If you really resent it, by all means stop but do tell her first- don’t just let her worry. You might say that you think it’s creating extra worry for you both- you know she’ll be worrying until she gets the call and so that makes you feel worried in turn- and actually the solution might be for you both just to assume everything is fine unless you’re told otherwise.

OchreDandelion · 06/04/2022 08:23

I always message my mum and she lives thousands of miles away so wouldn't even know I had left home if I didn't tell her. I also send her accommodation details.

For us, it started when something serious happened to my uncle and it took some time to track down my dad (on a work trip abroad) to let him know. Now we all tell each other just in case.

Lucia23 · 06/04/2022 08:24

@ServantofthePeople

I hear you,

It depends whether she’s being controlling - mine is

Yes she has a controlling nature although she has good points as well. I've spent years asserting and reasserting boundaries.
OP posts:
EsmeeMerlin · 06/04/2022 08:24

Of all the things to criticize your mum for, you criticize her for asking to know you are safe. The mind boggles sometimes.

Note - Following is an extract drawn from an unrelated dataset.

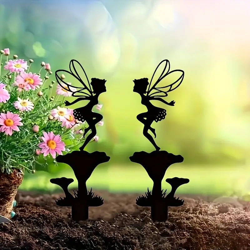 아트 데코 요정 버섯 정원 더미, 금속 공예 버섯 요정 동상 잔디 장식

I am the same age as you and still text my nan when I get home after visiting and I up to recently lived 20 mins away. Never once thought of it as an issue. Lots of parents want a text when their child is travelling regardless of the age of their child.

ServantofthePeople · 06/04/2022 08:24

And yes it is a bizarre question. As if a plane crash wouldn’t be on the news!
Even my controlling mother confines herself to checking the plane has landed online!